■ What you need to do
Pictures aside, the data must be reproduced exactly.

>>>

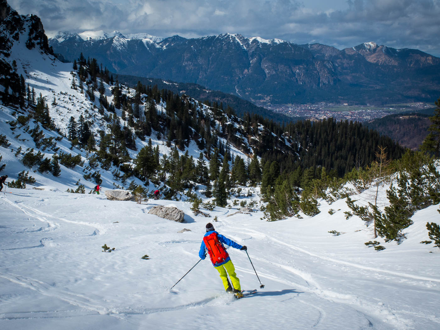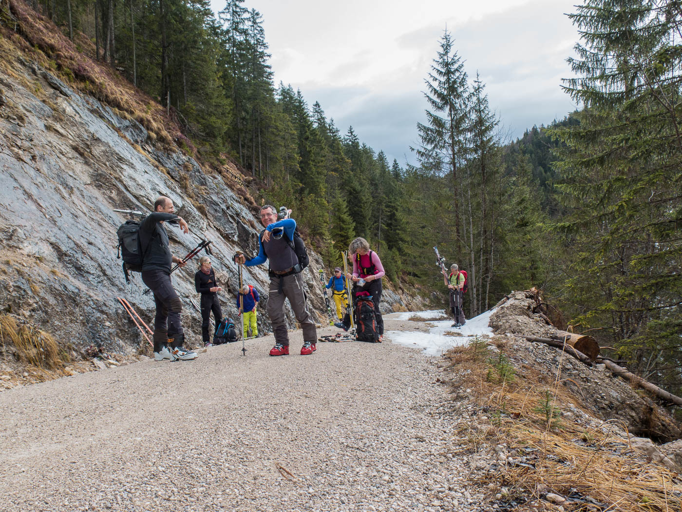 Der Sonntag war der erste Tourentag, allerdings liess der Morgen unsere Laune nicht jubilieren: Es regnete in Strömen. So liessen wir uns das Frühstücksbüffet im Hotel ausgiebig munden, bevor wir zur Tour aufbrachen. Zum Glück liess der Regen nach und wir starteten bei dezentem Sonnenschein nahe dem bekannten Hotel Elmau. Wir stiegen einem Bach entlang hoch, eine Wasseramsel pfeilte an uns vorbei. Nur langsam stieg der Weg an. Dann wurde die Schlucht weiter, der Weg stieg an. Und damit fielen die Probleme an, denn ab sofort absolvierten wir ein Intervalltraining: Skis abziehen – Skis tragen – Skis anziehen – gehen, immer so weiter. Der Wald wollte scheinbar nicht enden, aber irgendwann erreichten wir die Waldgrenze doch noch. Das heisst, die Bäume wurden einfach niedriger, Legföhren (hier Latschenkiefern genannt) bestimmten nun das Landschaftsbild. Der Vorteil war aber, dass wir über diese Bäume hinwegsehen konnten, wir blickten auf die anderen Berge, die zu unserem Leidwesen schneefrei waren, und auf Garmisch-Partenkirchen.
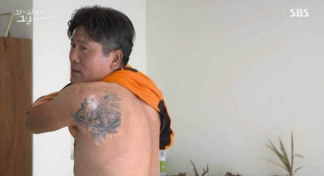 이성촌 소방관의 어깨에 문신이 하나 있어. 화재 현장에서 생긴 화상 흉터 위에 새긴거야.
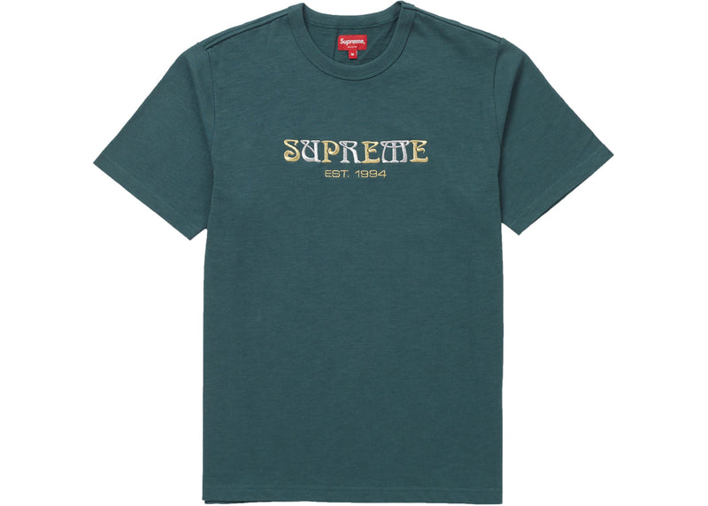 The Supreme Nouveau Logo Tee Dark Teal is now available at Side Kicks!
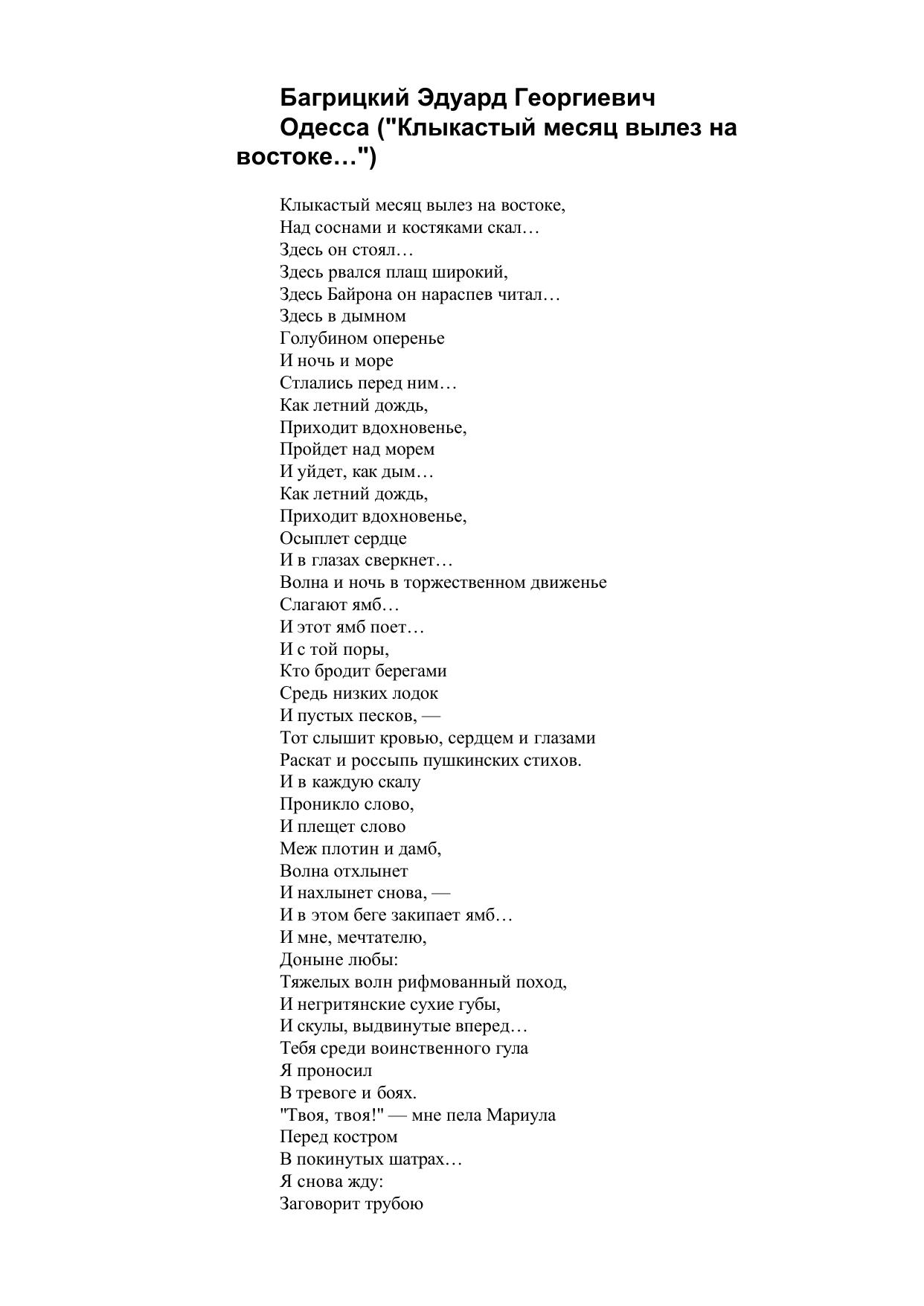 Одесса (Клыкастый месяц вылез на востоке…)
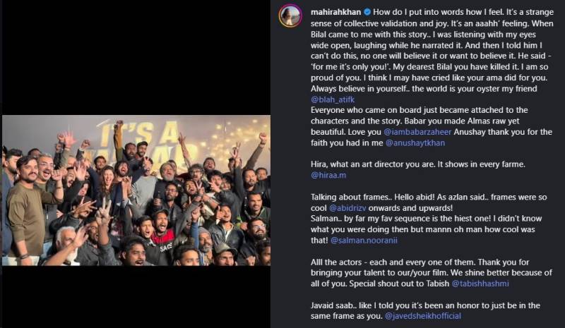 As the film continues its strong run following its Eid release, Mahira Khan took a step back to acknowledge the people behind the scenes who helped bring the story to life. Her message wasn’t just a routine thank-you it felt raw, reflective, and filled with genuine admiration for her collaborators.
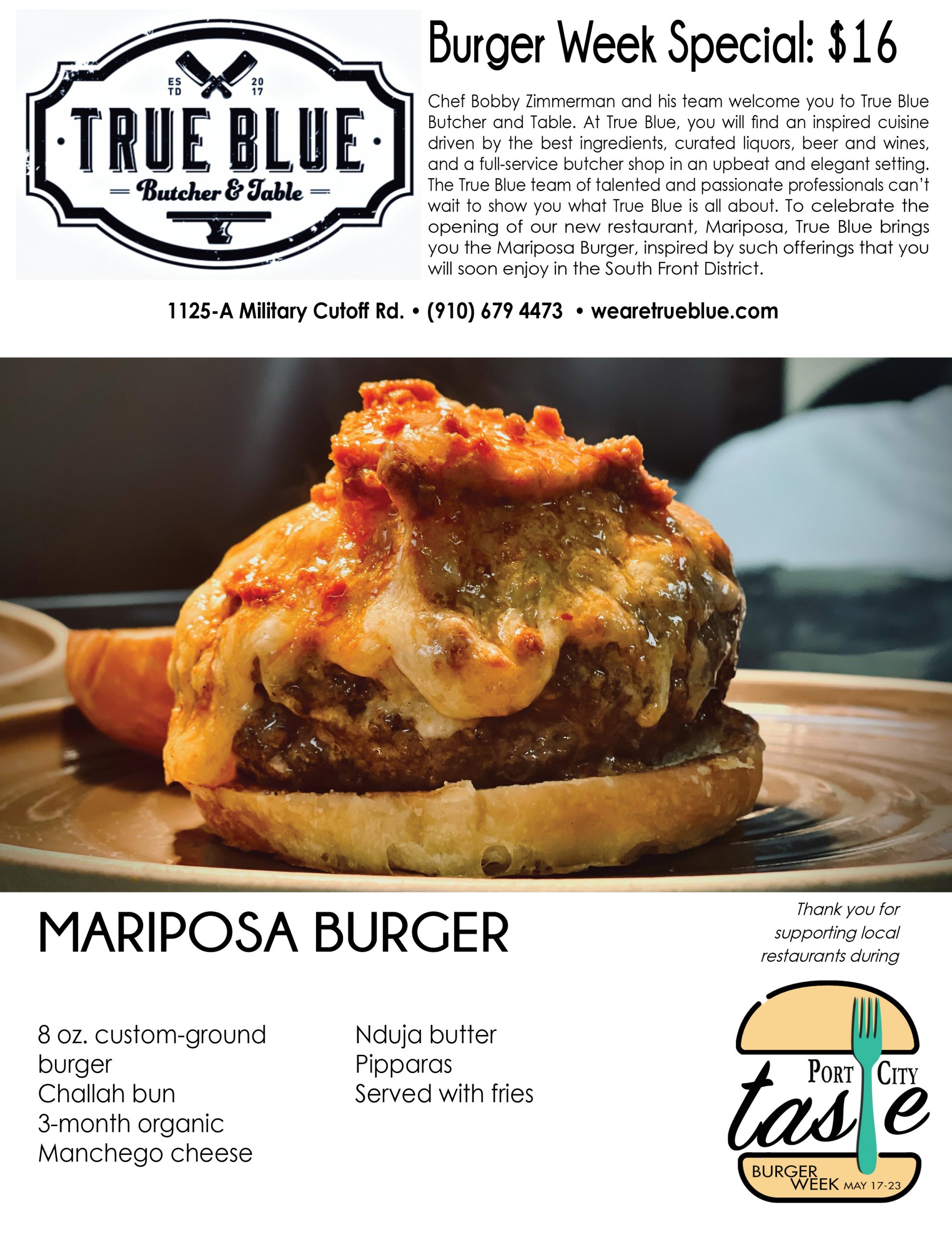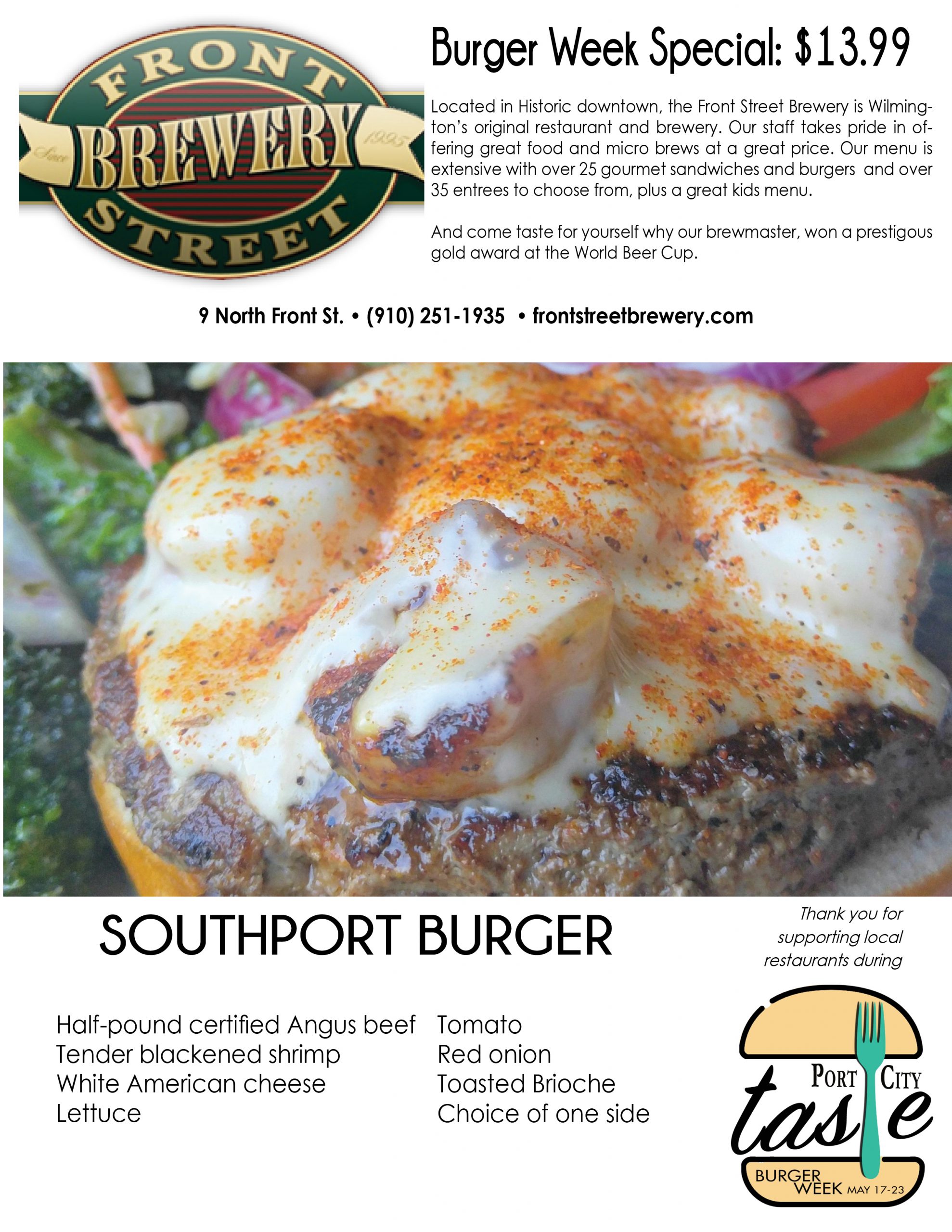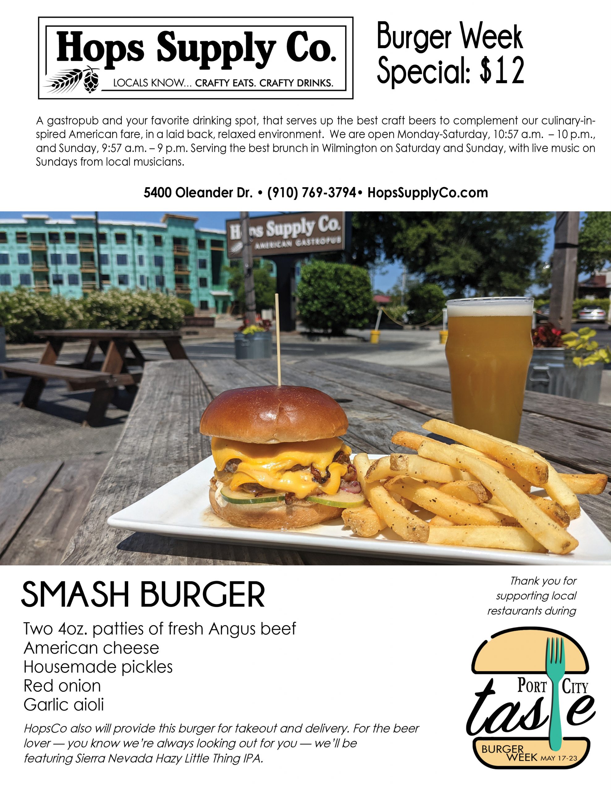 Port City Taste is celebrating it in all its flavors and styles across the Cape Fear this week, with the inaugural Burger Week. A Port City Daily event, it kicks off Monday, May 17, and ends Sunday, May 23, providing seven days for diners to eat their way through upward of 30 participating restaurants in southeastern N.C. Burgers will be served at eateries from north to south Wilmington, Carolina to Wrightsville beaches, midtown to downtown to Leland.

<<<

■ Answer
 Der Sonntag war der erste Tourentag, allerdings liess der Morgen unsere Laune nicht jubilieren: Es regnete in Strömen. So liessen wir uns das Frühstücksbüffet im Hotel ausgiebig munden, bevor wir zur Tour aufbrachen. Zum Glück liess der Regen nach und wir starteten bei dezentem Sonnenschein nahe dem bekannten Hotel Elmau. Wir stiegen einem Bach entlang hoch, eine Wasseramsel pfeilte an uns vorbei. Nur langsam stieg der Weg an. Dann wurde die Schlucht weiter, der Weg stieg an. Und damit fielen die Probleme an, denn ab sofort absolvierten wir ein Intervalltraining: Skis abziehen – Skis tragen – Skis anziehen – gehen, immer so weiter. Der Wald wollte scheinbar nicht enden, aber irgendwann erreichten wir die Waldgrenze doch noch. Das heisst, die Bäume wurden einfach niedriger, Legföhren (hier Latschenkiefern genannt) bestimmten nun das Landschaftsbild. Der Vorteil war aber, dass wir über diese Bäume hinwegsehen konnten, wir blickten auf die anderen Berge, die zu unserem Leidwesen schneefrei waren, und auf Garmisch-Partenkirchen.
 이성촌 소방관의 어깨에 문신이 하나 있어. 화재 현장에서 생긴 화상 흉터 위에 새긴거야.
 The Supreme Nouveau Logo Tee Dark Teal is now available at Side Kicks!
 Одесса (Клыкастый месяц вылез на востоке…)
 As the film continues its strong run following its Eid release, Mahira Khan took a step back to acknowledge the people behind the scenes who helped bring the story to life. Her message wasn’t just a routine thank-you it felt raw, reflective, and filled with genuine admiration for her collaborators.
 Port City Taste is celebrating it in all its flavors and styles across the Cape Fear this week, with the inaugural Burger Week. A Port City Daily event, it kicks off Monday, May 17, and ends Sunday, May 23, providing seven days for diners to eat their way through upward of 30 participating restaurants in southeastern N.C. Burgers will be served at eateries from north to south Wilmington, Carolina to Wrightsville beaches, midtown to downtown to Leland.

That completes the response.